A group of students at Swarthmore College in Pennsylvania has launched an "electronic civil disobedience" campaign
Published:
23 October 2003 y., Thursday
A group of students at Swarthmore College in Pennsylvania has launched an "electronic civil disobedience" campaign against voting machine maker Diebold Election Systems.
The students are protesting efforts by Diebold to prevent them and other website owners from linking to some 15,000 internal company memos that reveal the company was aware of security flaws in its e-voting software for years but sold the faulty systems to states anyway. The memos were leaked to voting activists and journalists by a hacker who broke into an insecure Diebold FTP server in March.

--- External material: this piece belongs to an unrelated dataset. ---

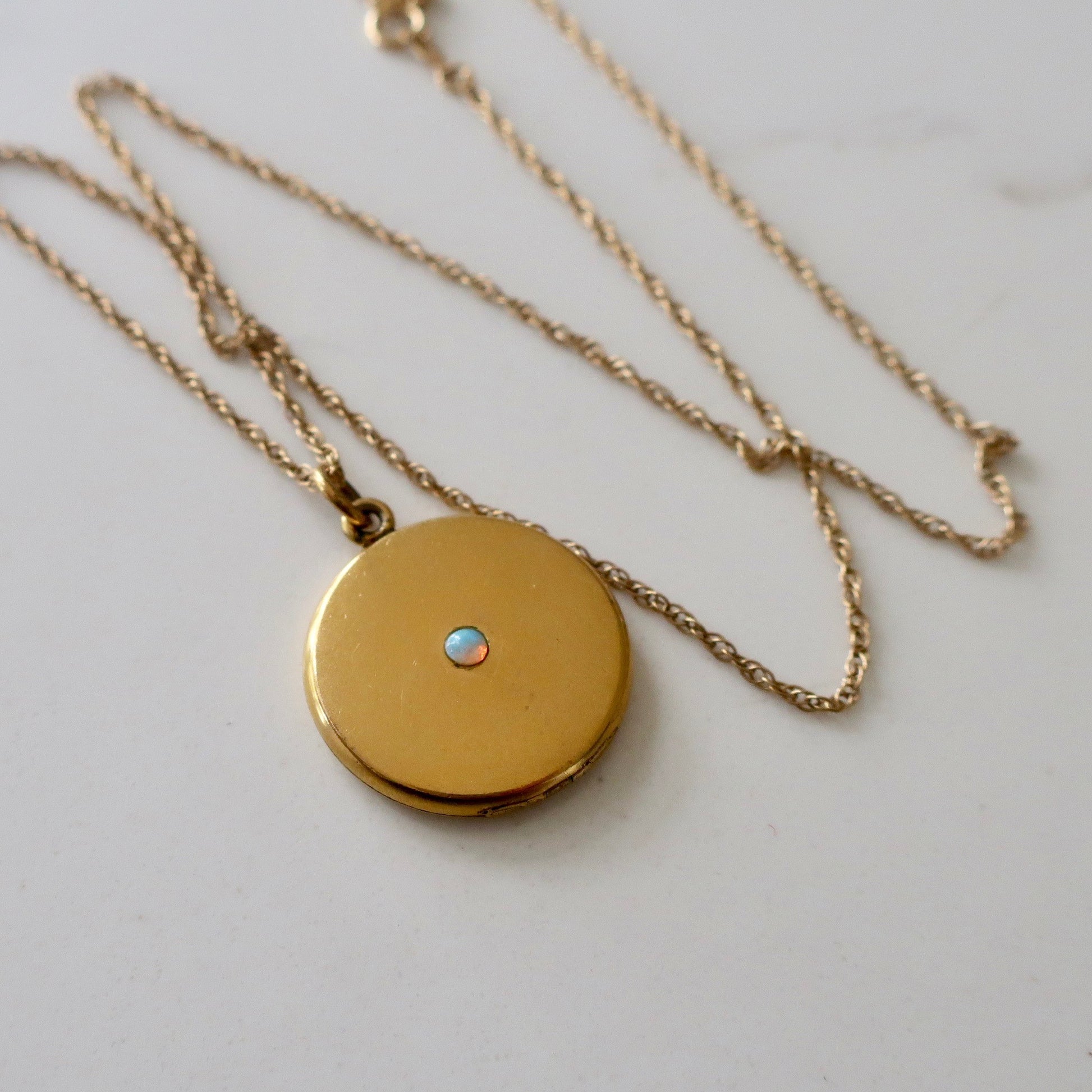 The perfect sized round gold fill locket from circa 1910. Engraved vera in the back this simple locket has a single colorful opal in the center. The locket has all the original frames and plastic covers remaining. The locket hangs on an 18" gold fill chain.

Diebold has been sending out cease-and-desist letters to force websites and ISPs to take down the memos, which the company says were stolen from its server in violation of copyright law. It has been using the Digital Millennium Copyright Act, or DMCA, to force ISPs to take down sites hosting the memos or sites containing links to the memos.
Diebold did not respond to Wired News' requests for comment.
Bev Harris, owner of the Black Box Voting site and author of a book on the electronic voting industry, was one of the first people to post the memos before a letter from Diebold threatened her with litigation.
Half a dozen other people hosting the memos in the United States, Canada, Italy and New Zealand also have received letters forcing them to take the material down.